Der zeitgeschichtliche Rundgang durch den Ort und den Bizz-Park (ehemaliges Fabrikgelände) mit Gästeführerin Therese Wasch war ein Höhepunkt, nun steht das nächste Highlight auf dem Programm: Das Gespräch mit den Zeitzeugen, die zahlreich erschienen sind.

Auch Ingrid Kreß räumt ihre „Glanzstücke der Erinnerung“ aus: eine Kurbel, eine Schere, ein Einfädler und alte Fotos aus dem Kollegenkreis. „Wir waren eine Art Familie bei Glanzstoff“, kommentiert sie lächelnd die alten Bilder. Gut erinnert sie sich aber auch an harte Arbeit und anstrengenden Schichtdienst. „Frauen waren meist ungelernte Kräfte. Nach sechs Wochen Anlernzeit galt es, immer schneller zu werden“, erklärt sie den Gebrauch von Schere und Kurbel.

„Ich persönlich bin das Glanzstück der Erinnerung“, lacht Georg Chilitis. Als Zehnjähriger ist der Grieche seinem Vater, der in Oberbruch arbeitete, mit der Familie nach Deutschland gefolgt. „Stellt euch vor, ich sprach kein Wort Deutsch!“ 1978 wurde er von seinem Arbeitgeber, der Firma Elteba, für zwei Jahre an die Glanzstoffwerke „ausgeliehen, um Zeichnungen für Elektrotechnik anzufertigen – mit Tusche.“ Lebhaft erzählt er, wie stolz sein Vater war, wenn er „im weißen Kittel“, der das technische Personal von den Produktionsmitarbeitern, die blaue Kittel trugen, unterschied, durch die Hallen ging.

„Wir haben immer etwas Besonderes gekocht, wenn die Gastarbeiter ankamen“, nimmt Hiltrud Lehnen den Faden zum Thema Gastarbeiter auf. Fast 40 Jahre lang war die Küche der Glanzstoffwerke ihr Einsatzort. Zufrieden blickt sie auf die Jahre zurück: „Ich habe immer gerne gearbeitet.“

Eifrig haben die Projektwochen-Teilnehmer fotografiert, gefilmt, dokumentiert. Interessierte Nachfragen beweisen, wie spannend das Thema für die Jugendlichen ist.

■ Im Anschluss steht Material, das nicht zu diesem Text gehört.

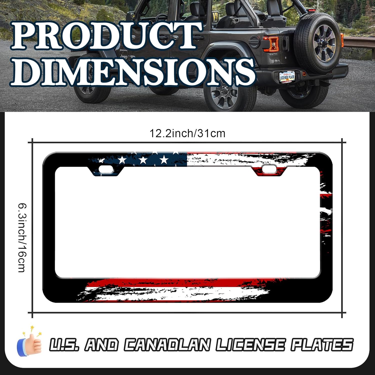 - Standard Car Tag Frame Size: The license plate frame measures 12.3 x 6.3 inches and fits standard US and Canadian license plate frames; Make your car more stylish, and stand out from the crowd
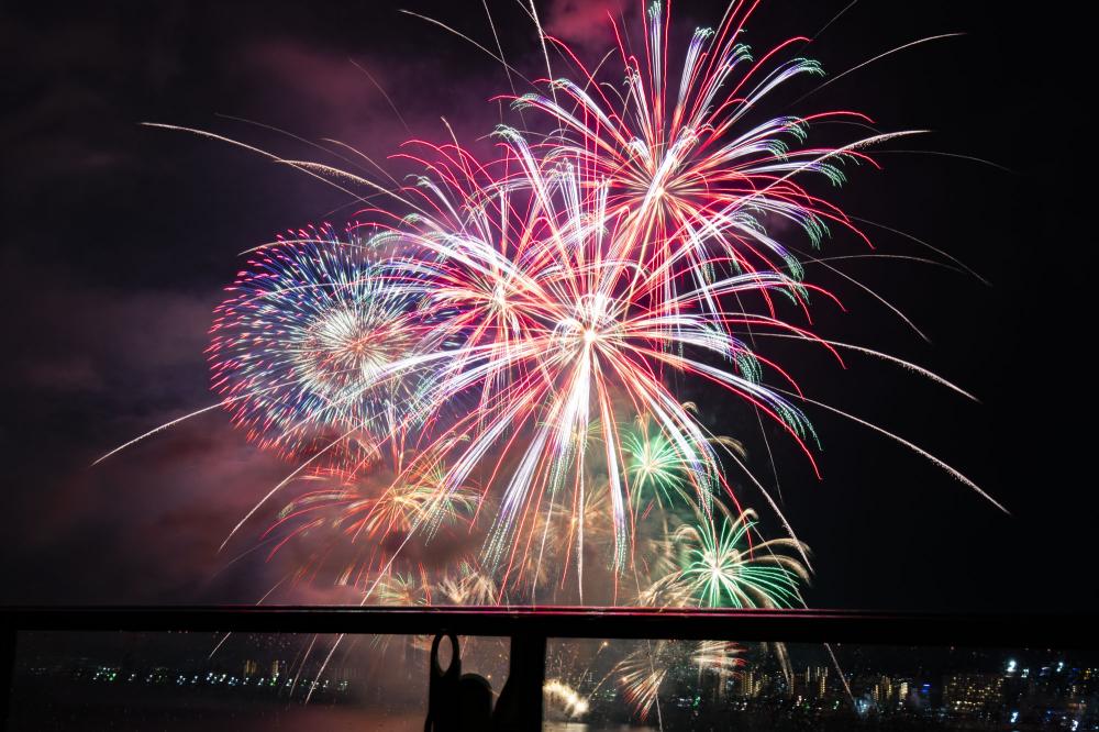 琵琶湖を一望できるバルコニー。視界を遮る建物もないため夏の花火を真正面から楽しめます
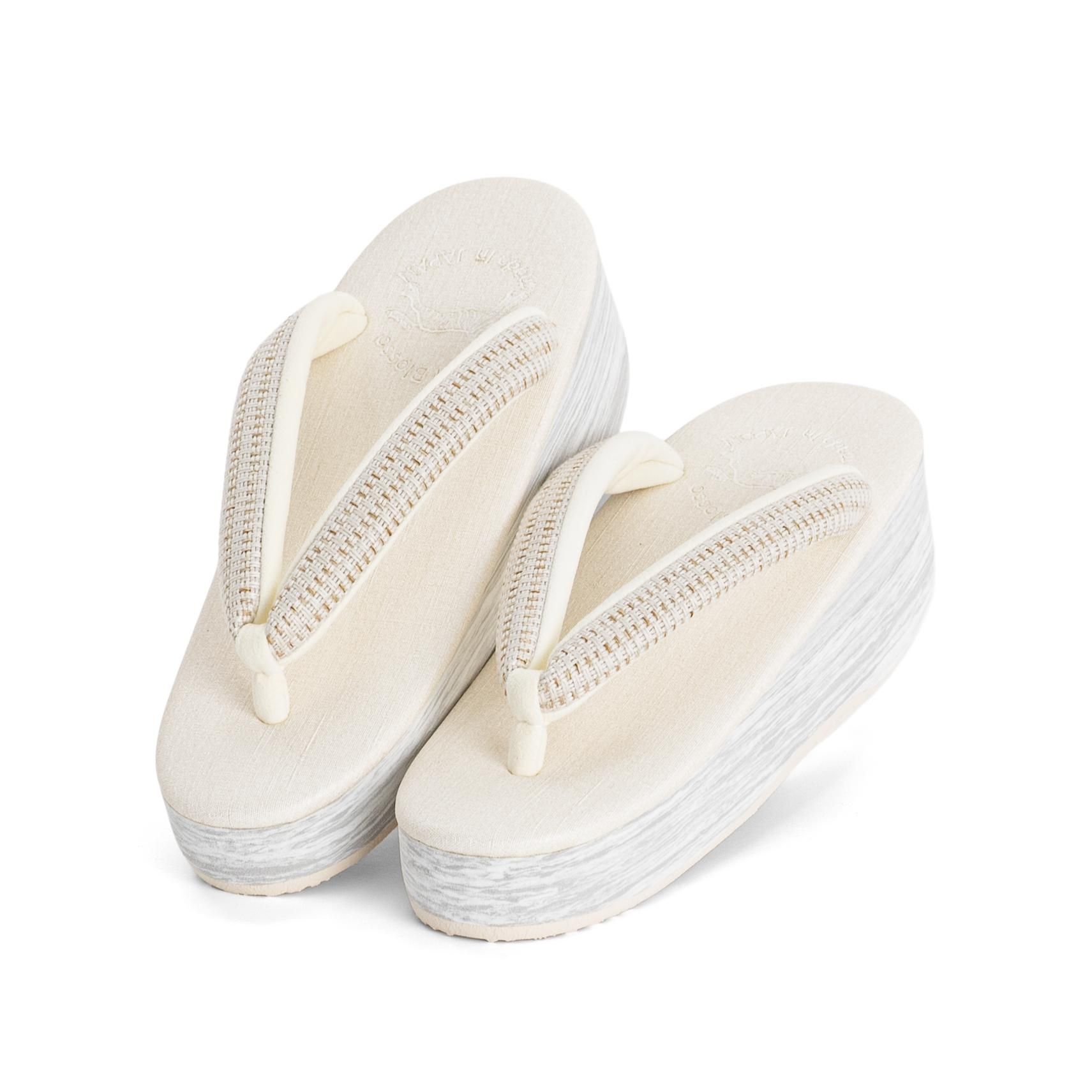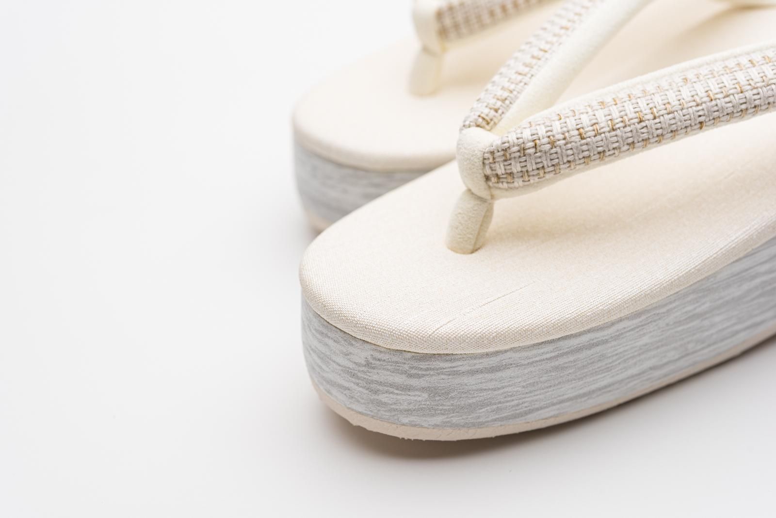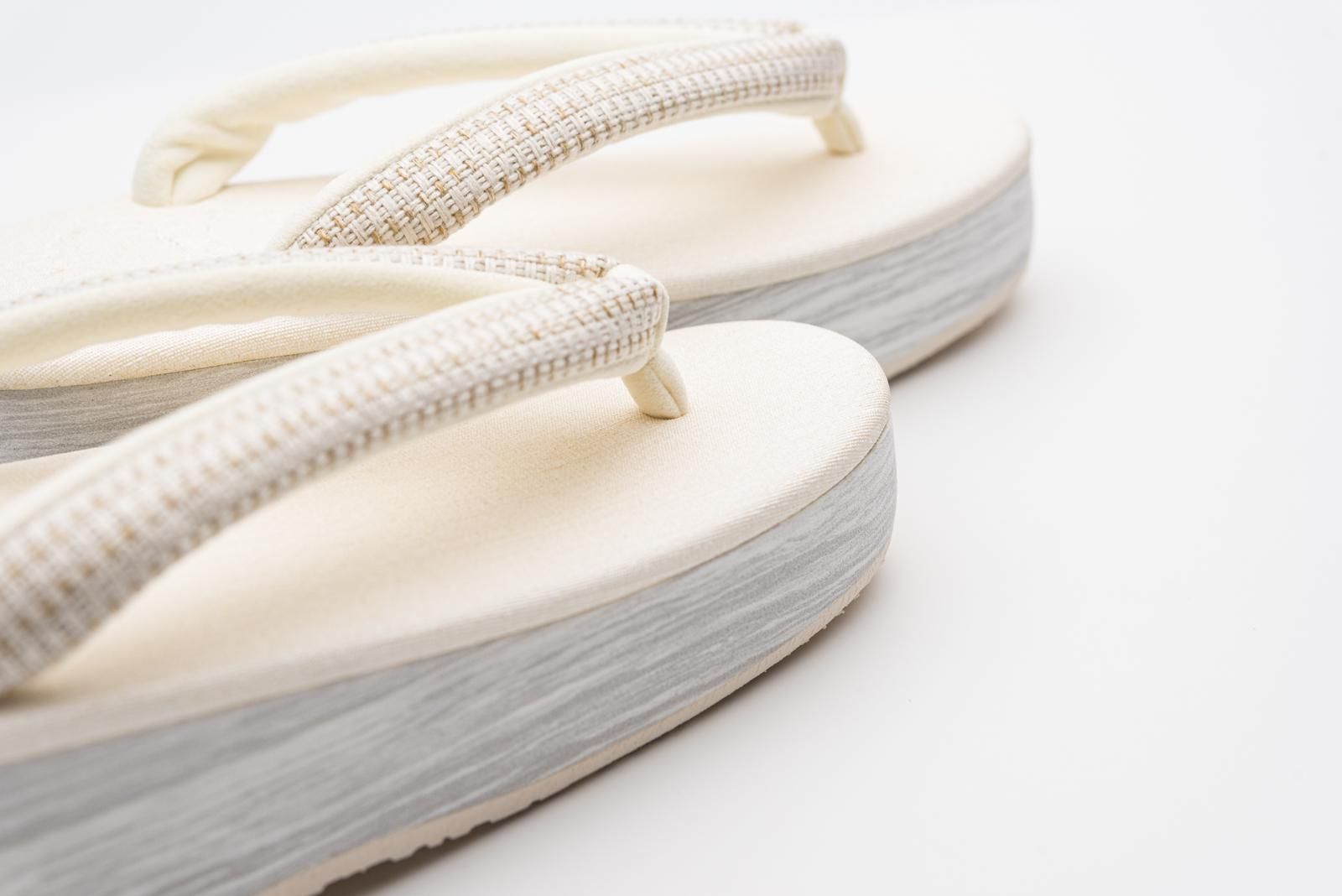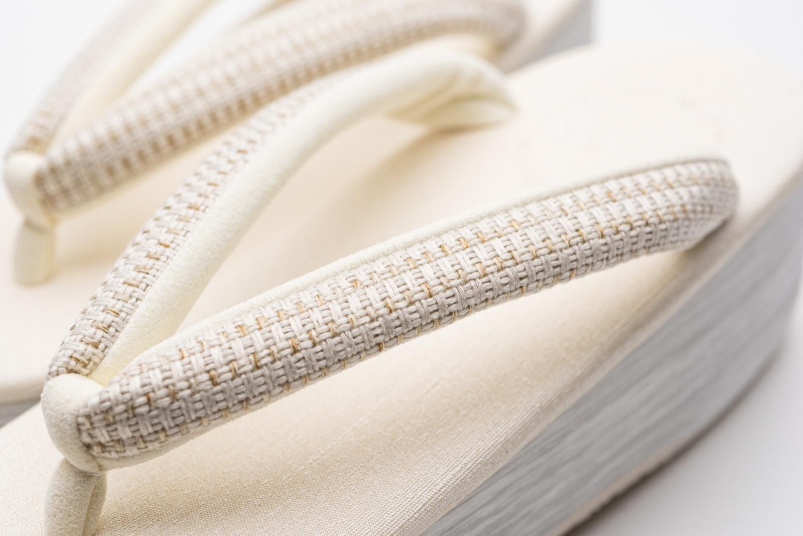 すっきりとした白の台に変わり横段織りの鼻緒を合わせたカフェ草履です。

Die Erzählungen der Zeitzeugen lassen sie tief eintauchen in die vergangene Zeit, machen Zusammenhänge verständlich, lenken den Blick über das Alltagsgeschehen und die Historie des Industriestandortes.

Und weil auch der Spaß nicht zu kurz kommen sollte, wurde auch gemeinsam gekocht – an diesem Tag Gemüsesuppe mit Würstchen. Aber auch griechische und portugiesische Spezialitäten standen während der Aktion auf dem Speiseplan. Die ersten Gastarbeiter Oberbruchs kamen schließlich aus Griechenland und Portugal.